Azure-resident tenants
- Foundry proxy primary
- Direct Anthropic API backup
- Bedrock cross-cloud last resort
AWS-resident tenants
- Bedrock primary
- Direct Anthropic API backup
- Foundry proxy cross-cloud last resort
Only recoverable errors (429, 5xx) trigger failover. Non-recoverable errors (auth, bad request, content policy) skip the chain and surface to the worker, which decides whether to retry on the next tick or escalate.

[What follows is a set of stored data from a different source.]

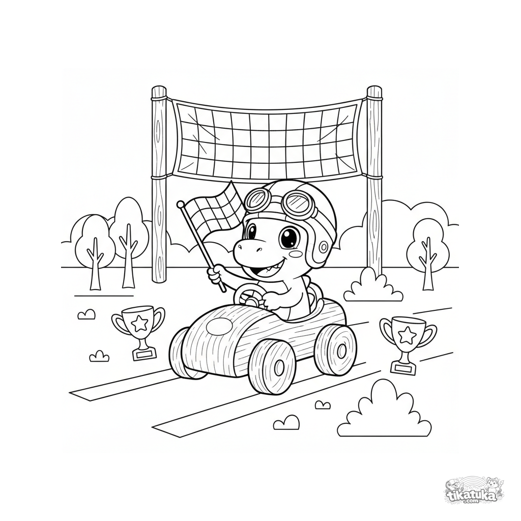Раскраска с динозавриком-гонщиком, празднующим победу на игрушечной гоночной машине. Для мальчиков 4-6 лет, динамичная и радостная сцена.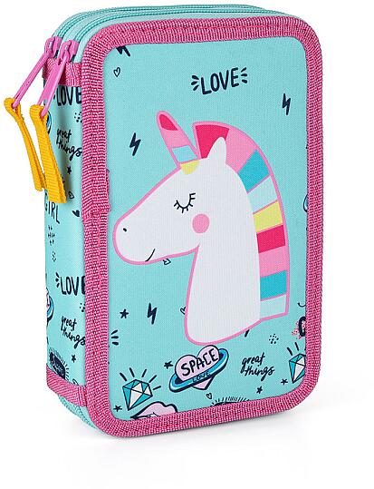OXYBAG unikornisos emeletes tolltartó - Unicorn Power Vidám és divatos unikornisos minta díszíti az emeletes tolltartó anyagát. Szivárvány színek, trendi feliratok jellemzik. A két szintes tolltartó cipzárral záródik. A belső rész nem mintázott, a ceruzák pedig gumipántok segítségével rendszerezhetőek. Az emeletes tolltartó belsejében 25 db írószer elhelyezésére van l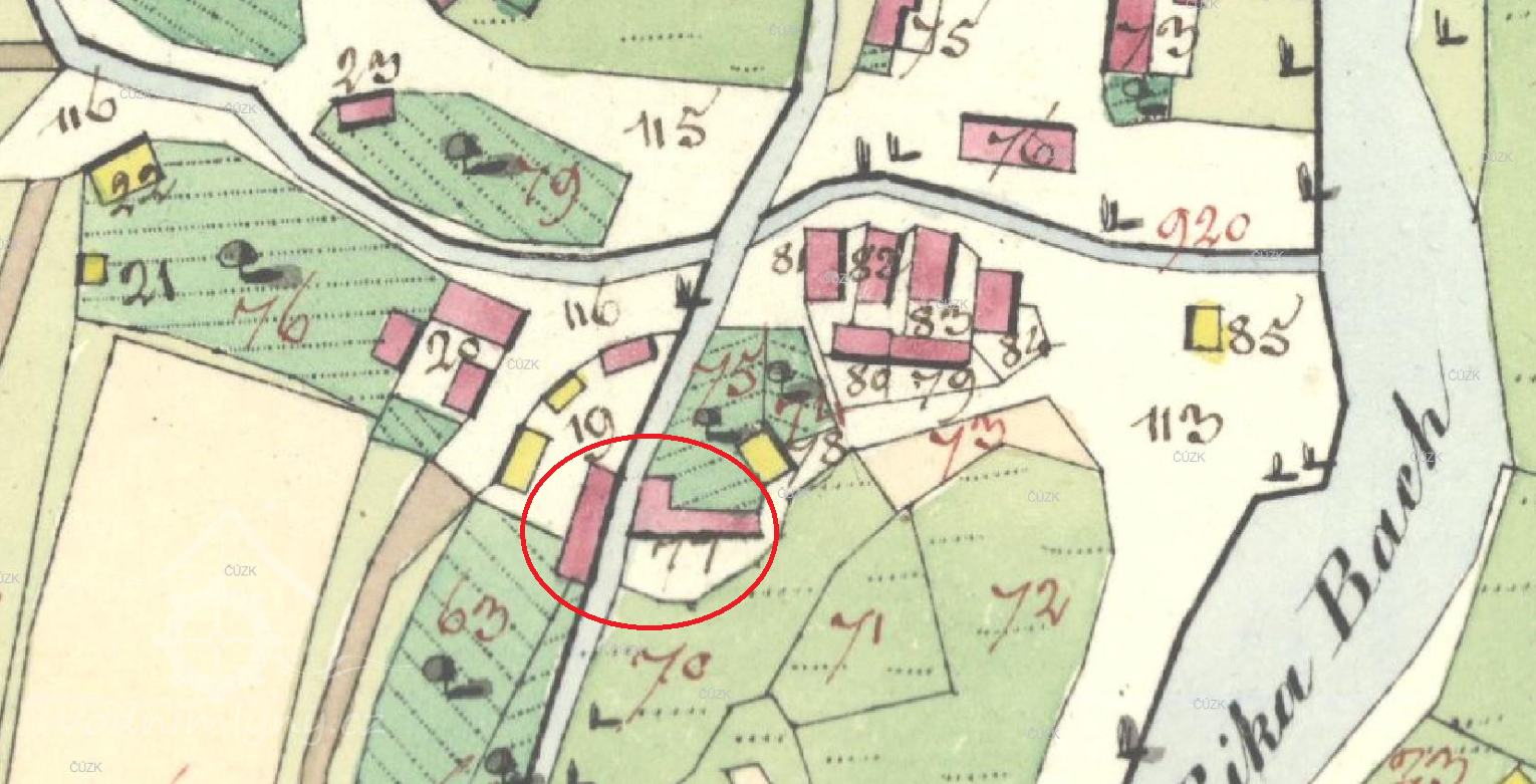 Popis1930: 1 kolo na svrchní vodu, hltnost 0,12 m3/s, spád 2,8 m, výkon 3 HP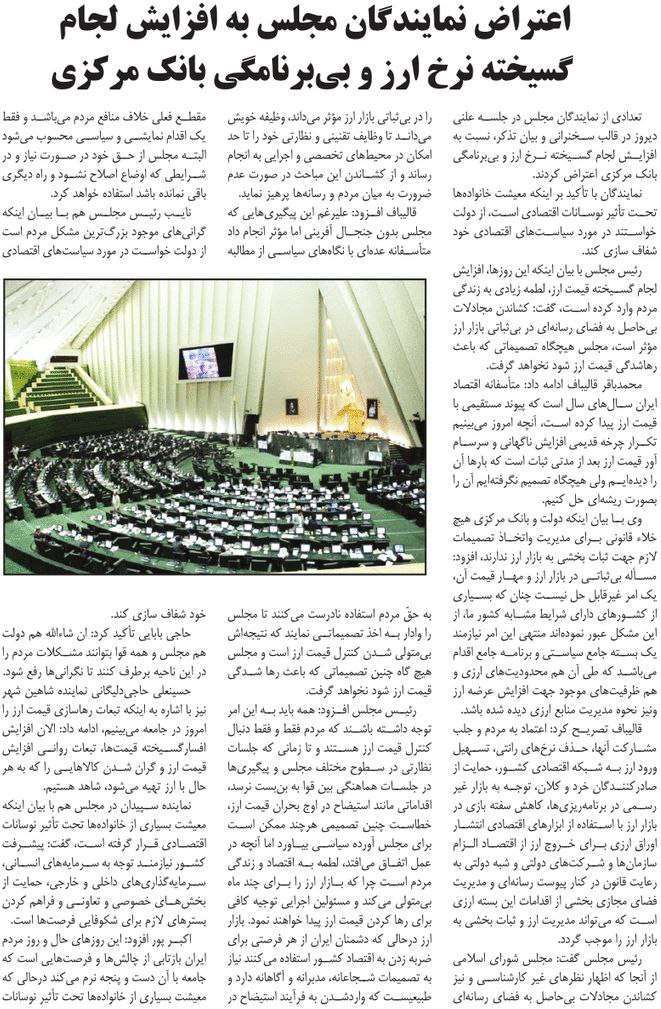 روزنامهٔ جمهوری اسلامی: اعتراض نمایندگان مجلس به افزایش لجام گسیخته نرخ ارز و بیبرنامگی بانک مرکزی

Metering and budget events
Every model call emits a budget_charge event with per-tier executor tokens, advisor tokens, cache reads / cache creations, dollars, latency, and an advisor_consulted flag. The warm store materializes fact_model_call for cost analytics. Continuations get an alert at 80% of the soft cap; at 60% the kernel begins downshifting; at 30% it drops to plain haiku.
Execution phases
- Phase 0
Foundry portal deployments
Deploy claude-opus-4-6, claude-sonnet-4-6, claude-haiku-4-5 as Global Standard models in a supported region. Verify each tier returns HTTP 200. Manual, no code.
- Phase 1
Substrate interface
Extend the Substrate Protocol with a ModelDispatch contract. Define ModelCallResult and ModelUsage with explicit executor/advisor token splits. Pure types, no cloud SDKs.
- Phase 2
Azure Foundry implementation
AzureFoundryModelDispatch hits the Anthropic proxy endpoint (services.ai.azure.com/anthropic/v1). Stateless. Adds advisor tool injection for Sonnet/Haiku. Pricing + usage reported back through the result.
- Phase 3
AWS Bedrock implementation
BedrockModelDispatch through boto3 invoke_model. Advisor Strategy not native on Bedrock — falls back to direct Anthropic API for advisor calls. Same test suite as Azure must pass.
- Phase 4
Policy kernel routing
Layer B emits one of five tiers in the gradient. Budget-aware downshift compensates with the advisor when crossing tier boundaries.
- Phase 5
Failover chain
FailoverModelRouter wraps providers in preference order: Foundry → direct Anthropic → Bedrock (Azure path) or Bedrock → direct Anthropic → Foundry (AWS path).
- Phase 6
Metering + budget events
Every call emits a budget_charge event with per-tier tokens, cache hits, advisor tokens, dollars, and latency. Warm store materializes fact_model_call.
- Phase 7
Environment + IaC
Env vars for endpoint, key, three deployment IDs, advisor toggle, failover toggle. Key Vault / Secrets Manager provisioning in IaC.
The architectural bet
The model market commoditizes faster than control planes do. By making model calls stateless and the dispatch layer pluggable, Maestro's value lives where it belongs — in the continuation, the context field, and the policy kernel — not in any single model vendor's session state. Foundry Anthropic, Bedrock Claude, and direct Anthropic are interchangeable backends behind one protocol. The pager is the seam.
The full implementation spec — prerequisites, file inventory, env vars, test plan — lives in TASK-maestro-foundry-model-dispatch. This page is the architectural surface. The task doc is the build sheet.